Die Burg wird im Jahr 1109 erstmals erwähnt und zu diesem Zeitpunkt als Flieh- und Trutzburg genutzt. Im 14. und 15. Jahrhundert diente sie als reich ausgestatteter Wohnsitz der Bamberger Bischöfe, wird jedoch 1553 von Markgraf Alfred Alcibiades von Brandenberg-Kulmbach im Zweiten Markgrafenkrieg fast vollständig zerstört. Vom mittelalterlichen Baubestand sind lediglich der 33 Meter hohe Bergfried aus dem 13. Jahrhundert und Teile der Ringmauer erhalten. Am oberen Teil des Turms hängt noch ein eiserner Korb, mit dessen Hilfe man früher Feuersignale in Richtung der 20 Kilometer entfernten Giechburg (bei Scheßlitz) übermittelte.

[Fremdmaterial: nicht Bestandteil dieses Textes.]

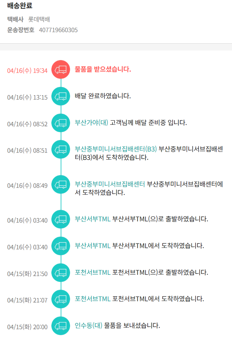 기부자님이 사용한 기부포인트 19,600원, 가격상승분 3,290원, 100원 미만 지원금 40원, 결제 수수료 10,768원, 기타 사업비는 행복나눔재단이 부담했습니다. (기부후기 발송시점에 최종 업데이트 됩니다.) 실제 쇼핑몰에서 확인되는 배송현황을 캡처한 내용입니다. 실시간 자료와는 차이가 있을 수 있습니다.
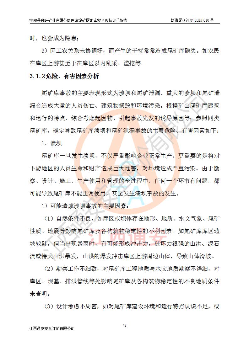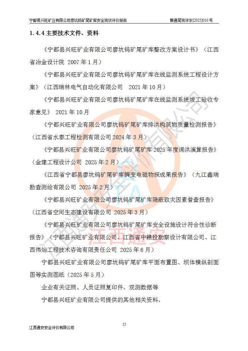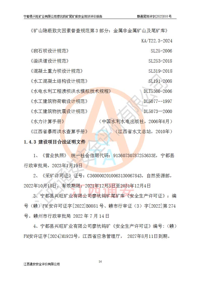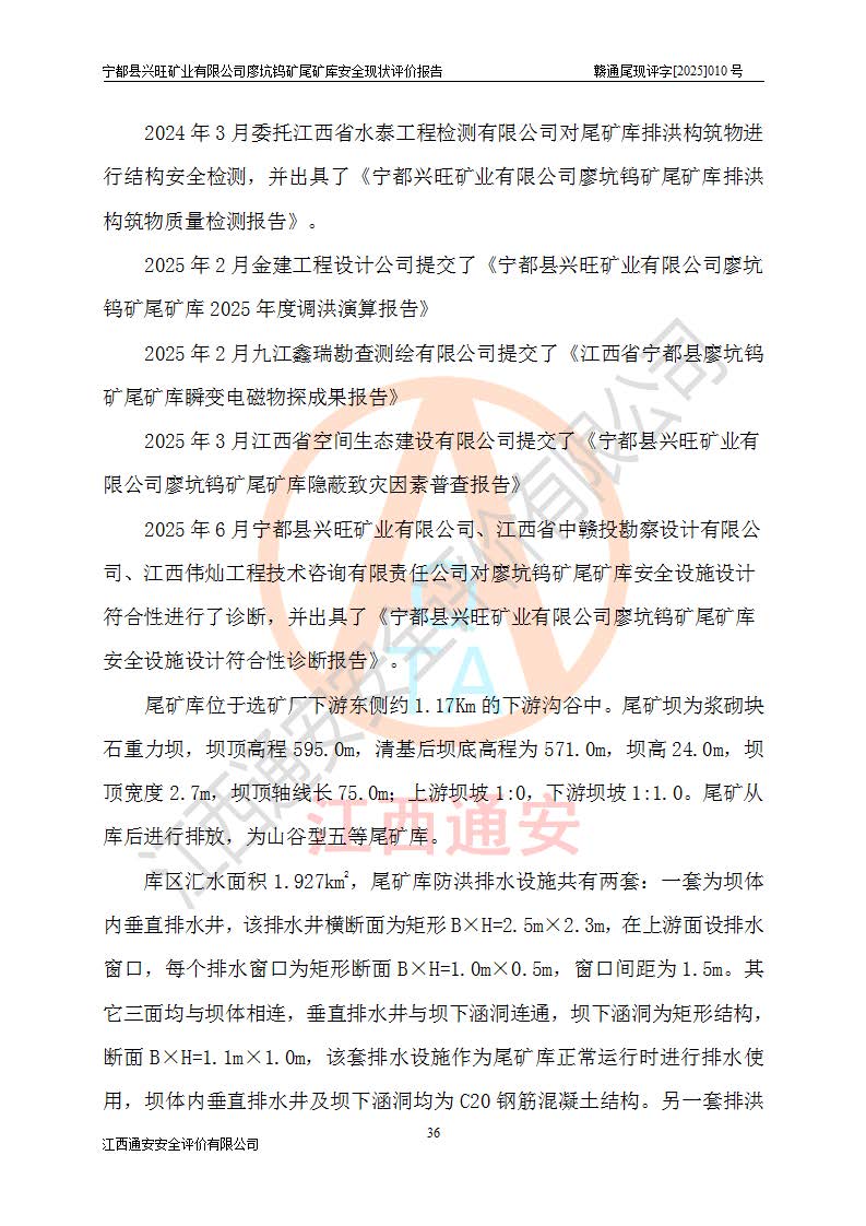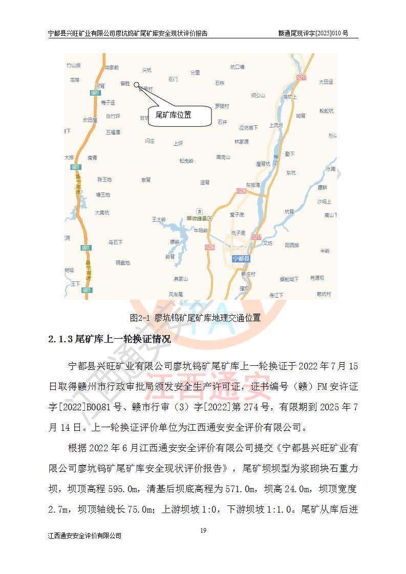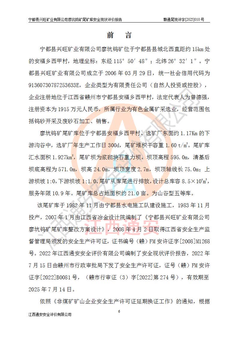 寧都縣興旺礦業(yè)有限公司廖坑鎢礦位于寧都縣縣城北西直距約15km處的安福鄉(xiāng)西甲村,地理坐標:東經(jīng)115°50′48″;北緯26°32′1″。寧都縣興旺礦業(yè)有限公司成立于2006年03月29日,統(tǒng)一社會信用代碼為91360730787253633E,企業(yè)類型為有限責任公司(自然人投資或控股),企業(yè)注冊地位于江西省贛州市寧都縣安福鄉(xiāng)西甲村,法定**人為曾德強,注冊資本為1915萬元人民幣,所屬行業(yè)為有色金屬礦采選業(yè),經(jīng)營范圍包括鎢砂開采及廢砂石加工、銷售。 廖坑鎢礦尾礦庫位于寧都縣安福鄉(xiāng)西甲村、選礦廠東面約1.17Km的下游溝谷中,選礦廠年生產(chǎn)工作日300d,尾礦堆積干容重1.60 t/m3。尾礦庫匯水面積1.927km2,尾礦壩為漿砌塊石重力壩,壩頂高程595.0m,清基后壩底高程為571.0m,壩高24.0m,壩頂寬度2.7m,壩頂軸線長75.0m;上游壩坡1:0,下游壩坡1:1.0。尾礦從庫尾進行排放,設(shè)計總庫容8.5×104m3,服務年限10.9年。尾礦庫總占地面積約21.0畝。為山谷型五等庫。 該尾礦庫于1982年11月由寧都縣水電施工隊建設(shè)施工,1983年11月投產(chǎn),2007年1月由江西省冶金設(shè)計院編制了《寧都縣興旺礦業(yè)有限公司廖坑鎢礦尾礦庫整改方案設(shè)計》,2008年4月2日取得江西省安全生產(chǎn)監(jiān)督管理局頒發(fā)的安全生產(chǎn)許可證,證書編號(贛)FM安許證字[2008]M1268號。2022年江西通安安全評價有限公司編制了安全現(xiàn)狀評價報告,2022年7月15日由贛州市行政審批局下發(fā)了安全生產(chǎn)許可證,證號(贛)FM安許證字[2022]B0081號,(贛市行審證(3)字[2022]第274號),**期至2025年7月14日。 依照《非煤礦礦山企業(yè)安全生產(chǎn)許可證延期換證工作》的通知,根據(jù)***《安全生產(chǎn)許可證條例》、《江西省安全生產(chǎn)條例》、《非煤礦山安全生產(chǎn)許可證實施辦法》、《江西省非煤礦礦山企業(yè)安全生產(chǎn)許可證辦法》規(guī)定及非煤礦山安全評價導則的要求,受寧都縣興旺礦業(yè)有限公司的委托,我公司承擔廖坑鎢礦尾礦庫延期換證的安全現(xiàn)狀評價工作。 |

Dass die Altenburg heute eine touristische Attraktion von Bamberg ist, ist der Initiative eines Privatmannes und eines Vereins zu verdanken. 1801 erwarb der Bamberger Arzt Adalbert Friedrich Marcus die heruntergekommene Anlage und ließ sie von Grund auf restaurieren.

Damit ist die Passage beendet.